1850                 Compromise of 1850 provides (a) California becomes 31st state admitted to the Union and a free state, (b) land won from Mexico would be organized without provisions re slavery, (c) Texas to receive compensation for ceding land to New Mexico, (d) a stringent Fugitive Slave Act to be enacted, and (e) slave trade in District of Columbia to be abolished.  Kansas and Nebraska territories organized.  Congress passes the Fugitive Slave Act over strenuous abolitionist protest.

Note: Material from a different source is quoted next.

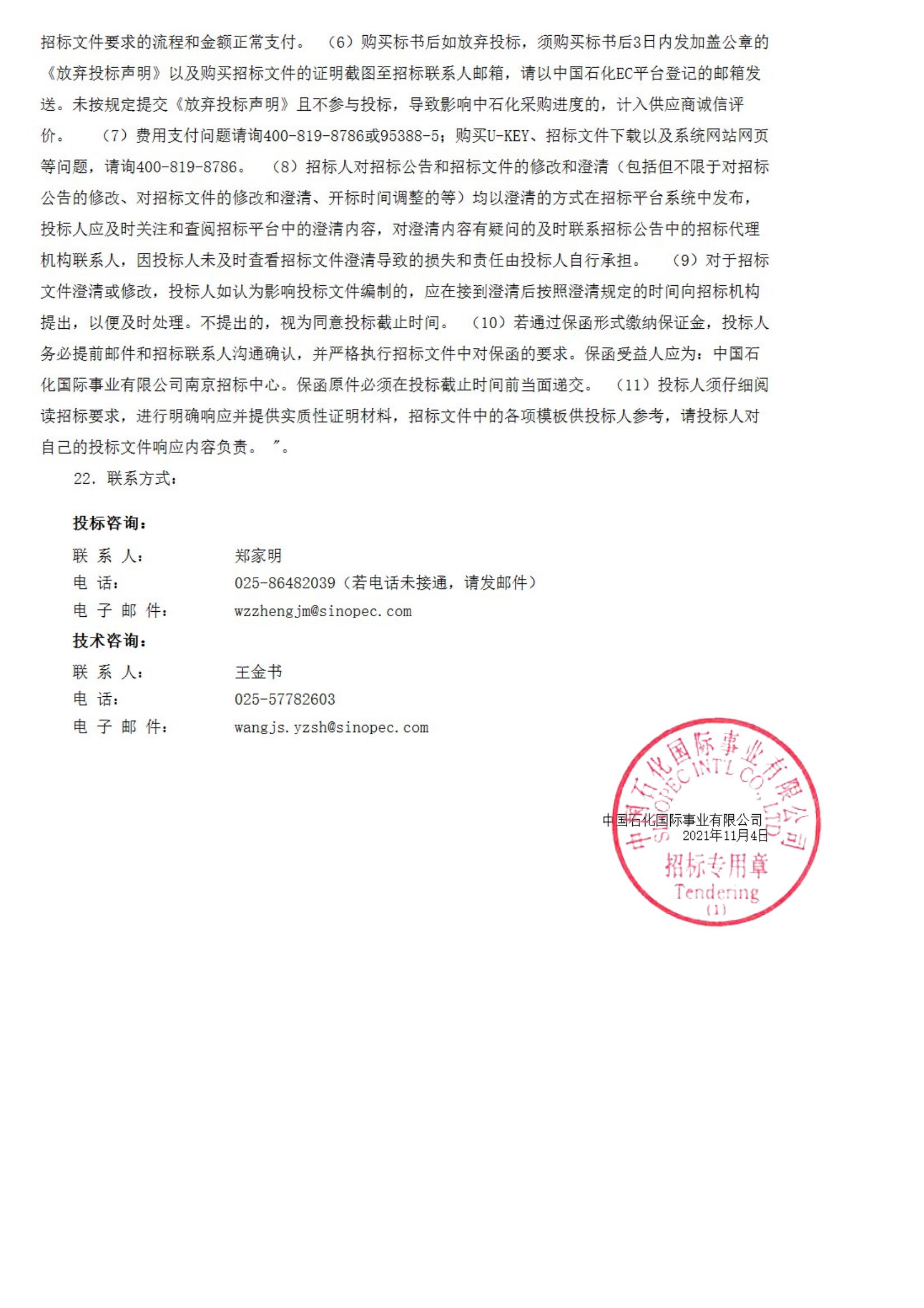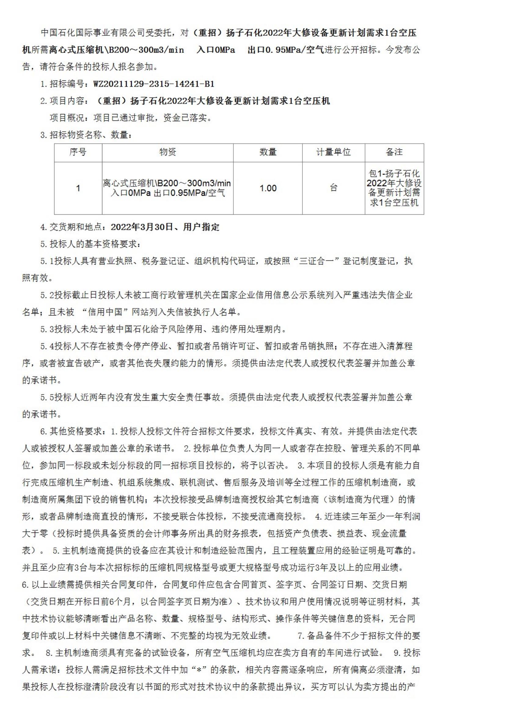 中國石化物資裝備部(國際事業(yè)公司)揚子石化2022年大修設(shè)備更新計劃離心式壓縮機B200~300m3/min 入口0MPa 出口0.95MPa/空氣招標公告

Hawthorne publishes The Scarlet Letter.  At this date, an estimated one-half of US seamen are African Americans.

 

1852                 Uncle Tom’s Cabin published serially, it becomes the most successful novel of the 19th century, and Harriet Beecher Stowe states that “the hand of God” wrote her antislavery novel.  She also advocates that blacks return to Africa.  Commenting on the dominance of the literary marketplace by female writers, Hawthorne decries “that damn mob of scribbling women.”

 

1853                 Chief Seattle (Duwamish) delivers a speech recorded by a white observer, part of an emergent tradition of whites transcribing, recording, translating, and altering Native American oral literature.

 

1854                 The Republican Party is founded to oppose the Kansas-Nebraska Act’s opening of the West to slavery.

 

1855                 On Long Island, New York, “Walt Whitman, an American, one of the roughs, a kosmos” self-publishes first edition of Leaves of Grass; John Greenleaf Whittier throws the book into the fire because of its homosexual imagery.  In Boston, Henry Wadsworth Longfellow publishes The Song of Hiawatha, a recombinatory retelling of Native American religious stories; it becomes America’s best-known and most-translated epic poem.  Melville publishes “Benito Cereno,” a story of revolt on a slave ship.

 

1856                 In Ohio, Margaret Garner, an escaped slave, tries to kill her children to prevent them from being returned to slavery.  She manages to kill one child.  This incident becomes the basis for Toni Morrison’s Beloved.

           

1857                 In the Dred Scott decision, US Supreme Court chief justice Roger B. Taney holds that blacks are not citizens and Congress had no authority to exclude slavery from any territory, thus invalidating the Missouri Compromise of 1820.

 

1859                 John Brown attacks the Federal arsenal at Harpers Ferry, Virginia, and the United States public confronts the inevitability of armed conflict over slavery.  Emerson, Thoreau, Whittier and many writers demand Brown be spared; he hangs.

 

1860                 Abraham Lincoln elected president.  South Carolina secedes in December, before Lincoln enters office.

 

1861-65             The US Civil War.  Emily Dickinson’s period of greatest poetic productivity, 1861-1863.